Repeatedly calling functions with some fixed arguments can lead to redundant code and reduced readability, causing unnecessary repetition throughout your codebase. In this article, we will explore how to simplify your code using functools.partial
.
The Problem
Let’s consider an example where we have a DataFrame with salary, bonus, and revenue columns, and we want to perform quartile binning on each column.
import pandas as pd
df = pd.DataFrame({
'salary': [45000, 75000, 125000, 85000],
'bonus': [5000, 15000, 25000, 10000],
'revenue': [150000, 280000, 420000, 310000]
})
processed_df = df.copy()
# Repetitive binning operations
processed_df['salary_level'] = pd.qcut(processed_df['salary'], q=4, labels=['Q1', 'Q2', 'Q3', 'Q4'])
processed_df['bonus_level'] = pd.qcut(processed_df['bonus'], q=4, labels=['Q1', 'Q2', 'Q3', 'Q4'])

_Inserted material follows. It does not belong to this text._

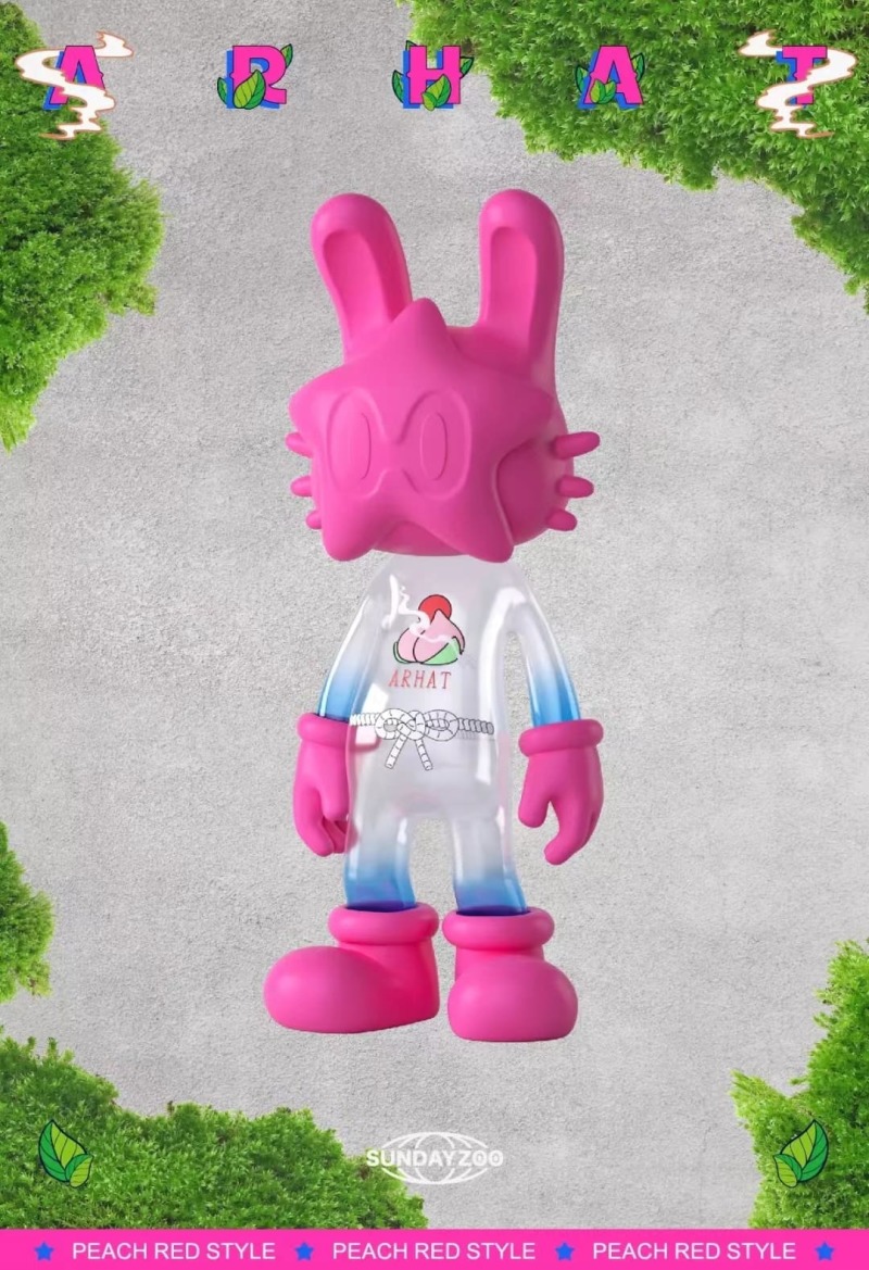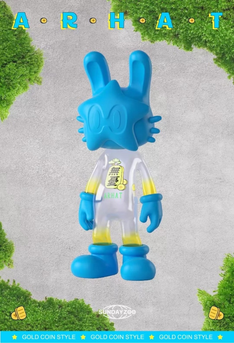 而Arhat阿羅漢是SUNDAY ZOO周日動物園藝術計劃裡的首發公仔潮玩的IP角色,以李璨琛自己的生肖兔年做為靈感基礎,清澈透明的身軀表達阿羅漢無一切煩惱,透明中鑲釀的主題將變化無窮,使人能一眼看透內心且無保留,提倡人與人應用內心交流,且像Arhat一樣“不苦不樂,舍心,住正念正智”。

processed_df['revenue_level'] = pd.qcut(processed_df['revenue'], q=4, labels=['Q1', 'Q2', 'Q3', 'Q4'])
processed_df
salary | bonus | revenue | salary_level | bonus_level | revenue_level | |
---|---|---|---|---|---|---|
0 | 45000 | 5000 | 150000 | Q1 | Q1 | Q1 |
1 | 75000 | 15000 | 280000 | Q2 | Q3 | Q2 |
2 | 125000 | 25000 | 420000 | Q4 | Q4 | Q4 |
3 | 85000 | 10000 | 310000 | Q3 | Q2 | Q3 |
This code is repetitive and hard to maintain. If we want to change the binning strategy, we have to modify it in multiple places.
The Solution
functools.partial
is a higher-order function that allows us to create new function variations with pre-set arguments. We can use it to simplify our code and make it more maintainable.
from functools import partial
processed_df = df.copy()
# Create a standardized quartile binning function
quartile_bin = partial(pd.qcut, q=4, labels=["Q1", "Q2", "Q3", "Q4"])
# Apply the binning function consistently
processed_df["salary_level"] = quartile_bin(processed_df["salary"])
processed_df["bonus_level"] = quartile_bin(processed_df["bonus"])
processed_df["revenue_level"] = quartile_bin(processed_dfdf["revenue"])
processed_df
salary | bonus | revenue | salary_level | bonus_level | revenue_level | |
---|---|---|---|---|---|---|
0 | 45000 | 5000 | 150000 | Q1 | Q1 | Q1 |
1 | 75000 | 15000 | 280000 | Q2 | Q3 | Q2 |
2 | 125000 | 25000 | 420000 | Q4 | Q4 | Q4 |
3 | 85000 | 10000 | 310000 | Q3 | Q2 | Q3 |
In this example, partial
creates a standardized binning function with pre-set parameters for the number of quantiles and their labels. This ensures consistent binning across different columns.
Changing the Binning Strategy
If we need to change the binning strategy, we only need to modify it in one place.
processed_df = df.copy()
# Easy to create different binning strategies
quintile_bin = partial(pd.qcut, q=5, labels=["Bottom", "Low", "Mid", "High", "Top"])
processed_df["salary_level"] = quintile_bin(processed_df["salary"])
processed_df["bonus_level"] = quintile_bin(processed_df["bonus"])
processed_df["revenue_level"] = quintile_bin(processed_df["revenue"])
processed_df
salary | bonus | revenue | salary_level | bonus_level | revenue_level | |
---|---|---|---|---|---|---|
0 | 45000 | 5000 | 150000 | Bottom | Bottom | Bottom |
1 | 75000 | 15000 | 280000 | Low | High | Low |
2 | 125000 | 25000 | 420000 | Top | Top | Top |
3 | 85000 | 10000 | 310000 | High | Low | High |
By using functools.partial
, we have simplified our code and made it more maintainable. We can easily create different binning strategies and apply them consistently across our DataFrame.